- [Material provided]:
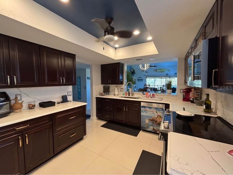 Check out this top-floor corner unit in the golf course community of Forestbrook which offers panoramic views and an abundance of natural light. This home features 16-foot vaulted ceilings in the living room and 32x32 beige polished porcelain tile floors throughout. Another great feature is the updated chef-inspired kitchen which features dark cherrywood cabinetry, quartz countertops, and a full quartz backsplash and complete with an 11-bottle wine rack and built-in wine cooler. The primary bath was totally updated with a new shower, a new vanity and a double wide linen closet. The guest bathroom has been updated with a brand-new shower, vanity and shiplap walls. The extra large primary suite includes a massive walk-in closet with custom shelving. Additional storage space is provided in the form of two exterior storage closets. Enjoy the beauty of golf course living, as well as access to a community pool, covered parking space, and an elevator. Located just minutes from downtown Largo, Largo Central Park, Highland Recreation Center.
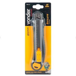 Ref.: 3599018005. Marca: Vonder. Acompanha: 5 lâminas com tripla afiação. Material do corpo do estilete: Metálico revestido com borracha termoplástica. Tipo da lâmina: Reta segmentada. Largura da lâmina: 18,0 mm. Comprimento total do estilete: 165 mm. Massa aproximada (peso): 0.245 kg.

--

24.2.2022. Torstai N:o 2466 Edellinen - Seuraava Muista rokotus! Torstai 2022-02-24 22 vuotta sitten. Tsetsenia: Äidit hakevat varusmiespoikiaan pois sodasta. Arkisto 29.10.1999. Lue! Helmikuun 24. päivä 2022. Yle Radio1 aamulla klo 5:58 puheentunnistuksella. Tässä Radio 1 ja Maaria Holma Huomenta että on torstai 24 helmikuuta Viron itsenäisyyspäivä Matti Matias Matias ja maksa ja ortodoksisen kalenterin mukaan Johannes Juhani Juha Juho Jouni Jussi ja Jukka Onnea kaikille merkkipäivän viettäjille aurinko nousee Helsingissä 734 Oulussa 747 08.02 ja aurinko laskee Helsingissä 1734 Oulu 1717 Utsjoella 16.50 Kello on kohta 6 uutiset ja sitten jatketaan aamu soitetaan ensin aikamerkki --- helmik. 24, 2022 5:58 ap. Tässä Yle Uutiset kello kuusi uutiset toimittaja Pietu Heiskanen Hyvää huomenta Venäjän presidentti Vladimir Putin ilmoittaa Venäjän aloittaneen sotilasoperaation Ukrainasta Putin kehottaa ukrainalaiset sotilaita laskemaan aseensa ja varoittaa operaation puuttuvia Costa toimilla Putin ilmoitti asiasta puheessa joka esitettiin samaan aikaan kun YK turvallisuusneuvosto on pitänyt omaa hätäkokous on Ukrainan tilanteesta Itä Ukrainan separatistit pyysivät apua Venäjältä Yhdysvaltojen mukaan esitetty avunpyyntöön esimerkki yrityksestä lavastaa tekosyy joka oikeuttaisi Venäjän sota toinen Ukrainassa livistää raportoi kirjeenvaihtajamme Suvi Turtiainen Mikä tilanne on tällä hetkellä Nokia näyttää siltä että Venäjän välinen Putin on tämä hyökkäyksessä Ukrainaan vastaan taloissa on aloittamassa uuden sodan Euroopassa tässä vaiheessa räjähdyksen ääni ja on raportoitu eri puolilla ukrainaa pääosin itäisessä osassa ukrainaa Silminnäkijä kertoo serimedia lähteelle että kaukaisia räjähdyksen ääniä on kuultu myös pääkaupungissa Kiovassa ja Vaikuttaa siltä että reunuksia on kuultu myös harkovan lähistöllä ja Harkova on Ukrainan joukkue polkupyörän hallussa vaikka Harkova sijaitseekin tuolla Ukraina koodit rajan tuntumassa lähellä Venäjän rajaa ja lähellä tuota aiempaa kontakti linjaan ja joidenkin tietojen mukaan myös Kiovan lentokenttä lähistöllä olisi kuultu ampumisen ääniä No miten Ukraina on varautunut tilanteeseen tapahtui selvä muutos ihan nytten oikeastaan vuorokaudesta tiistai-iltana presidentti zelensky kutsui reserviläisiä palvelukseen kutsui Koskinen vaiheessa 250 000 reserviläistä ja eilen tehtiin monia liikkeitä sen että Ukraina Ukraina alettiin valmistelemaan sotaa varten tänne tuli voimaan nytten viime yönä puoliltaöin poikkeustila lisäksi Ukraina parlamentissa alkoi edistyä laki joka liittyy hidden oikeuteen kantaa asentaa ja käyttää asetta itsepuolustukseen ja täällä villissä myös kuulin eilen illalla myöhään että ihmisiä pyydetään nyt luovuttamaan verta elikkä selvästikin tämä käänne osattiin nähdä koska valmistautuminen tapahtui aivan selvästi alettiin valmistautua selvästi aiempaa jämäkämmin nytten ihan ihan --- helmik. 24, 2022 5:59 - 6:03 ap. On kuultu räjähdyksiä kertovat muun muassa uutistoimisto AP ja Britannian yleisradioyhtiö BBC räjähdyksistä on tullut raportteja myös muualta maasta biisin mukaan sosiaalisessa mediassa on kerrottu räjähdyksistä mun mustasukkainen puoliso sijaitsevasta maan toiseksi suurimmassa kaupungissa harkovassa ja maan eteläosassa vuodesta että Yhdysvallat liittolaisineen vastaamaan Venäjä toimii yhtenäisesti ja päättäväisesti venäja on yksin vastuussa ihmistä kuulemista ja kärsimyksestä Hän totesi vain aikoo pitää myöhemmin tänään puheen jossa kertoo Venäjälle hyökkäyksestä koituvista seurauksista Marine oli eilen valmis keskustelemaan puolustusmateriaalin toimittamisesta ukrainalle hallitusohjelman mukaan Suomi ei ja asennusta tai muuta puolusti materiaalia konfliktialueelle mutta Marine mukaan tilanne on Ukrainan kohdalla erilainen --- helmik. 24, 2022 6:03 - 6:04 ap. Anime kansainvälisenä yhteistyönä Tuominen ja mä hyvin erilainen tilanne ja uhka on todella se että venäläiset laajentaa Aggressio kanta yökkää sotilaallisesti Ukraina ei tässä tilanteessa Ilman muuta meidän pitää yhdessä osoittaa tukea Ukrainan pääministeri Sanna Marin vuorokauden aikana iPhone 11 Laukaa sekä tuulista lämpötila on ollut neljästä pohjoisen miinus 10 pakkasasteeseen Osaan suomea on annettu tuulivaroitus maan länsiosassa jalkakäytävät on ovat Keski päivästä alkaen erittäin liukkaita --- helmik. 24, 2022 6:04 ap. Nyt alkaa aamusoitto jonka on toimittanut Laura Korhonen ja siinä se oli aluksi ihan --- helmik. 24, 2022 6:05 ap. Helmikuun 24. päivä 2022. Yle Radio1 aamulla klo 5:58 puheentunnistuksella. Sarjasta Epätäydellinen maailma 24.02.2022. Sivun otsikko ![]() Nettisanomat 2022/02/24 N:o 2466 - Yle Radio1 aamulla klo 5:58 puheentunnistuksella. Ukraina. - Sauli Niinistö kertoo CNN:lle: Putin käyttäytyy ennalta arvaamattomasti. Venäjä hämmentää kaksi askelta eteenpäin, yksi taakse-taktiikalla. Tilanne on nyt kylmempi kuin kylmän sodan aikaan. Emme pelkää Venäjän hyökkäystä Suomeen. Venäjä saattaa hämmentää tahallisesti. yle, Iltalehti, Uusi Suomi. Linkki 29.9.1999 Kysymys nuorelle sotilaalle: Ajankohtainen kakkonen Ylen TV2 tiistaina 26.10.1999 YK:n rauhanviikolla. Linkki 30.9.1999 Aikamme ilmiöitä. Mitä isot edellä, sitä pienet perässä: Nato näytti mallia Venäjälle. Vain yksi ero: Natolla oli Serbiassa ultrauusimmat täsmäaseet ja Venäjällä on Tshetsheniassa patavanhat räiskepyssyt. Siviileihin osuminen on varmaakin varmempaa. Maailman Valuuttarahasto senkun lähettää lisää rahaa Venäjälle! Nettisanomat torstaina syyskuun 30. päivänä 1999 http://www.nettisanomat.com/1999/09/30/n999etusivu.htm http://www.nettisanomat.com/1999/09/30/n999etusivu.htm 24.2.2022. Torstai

- [Your goal]: What should come back is an exact copy of the lines above from the line with "Check out this" to the line with "Ref.: 3599018005. Marca: Vonder.", both included, minus the pictures.

- [Finished exercise]:
 Check out this top-floor corner unit in the golf course community of Forestbrook which offers panoramic views and an abundance of natural light. This home features 16-foot vaulted ceilings in the living room and 32x32 beige polished porcelain tile floors throughout. Another great feature is the updated chef-inspired kitchen which features dark cherrywood cabinetry, quartz countertops, and a full quartz backsplash and complete with an 11-bottle wine rack and built-in wine cooler. The primary bath was totally updated with a new shower, a new vanity and a double wide linen closet. The guest bathroom has been updated with a brand-new shower, vanity and shiplap walls. The extra large primary suite includes a massive walk-in closet with custom shelving. Additional storage space is provided in the form of two exterior storage closets. Enjoy the beauty of golf course living, as well as access to a community pool, covered parking space, and an elevator. Located just minutes from downtown Largo, Largo Central Park, Highland Recreation Center.
 Ref.: 3599018005. Marca: Vonder. Acompanha: 5 lâminas com tripla afiação. Material do corpo do estilete: Metálico revestido com borracha termoplástica. Tipo da lâmina: Reta segmentada. Largura da lâmina: 18,0 mm. Comprimento total do estilete: 165 mm. Massa aproximada (peso): 0.245 kg.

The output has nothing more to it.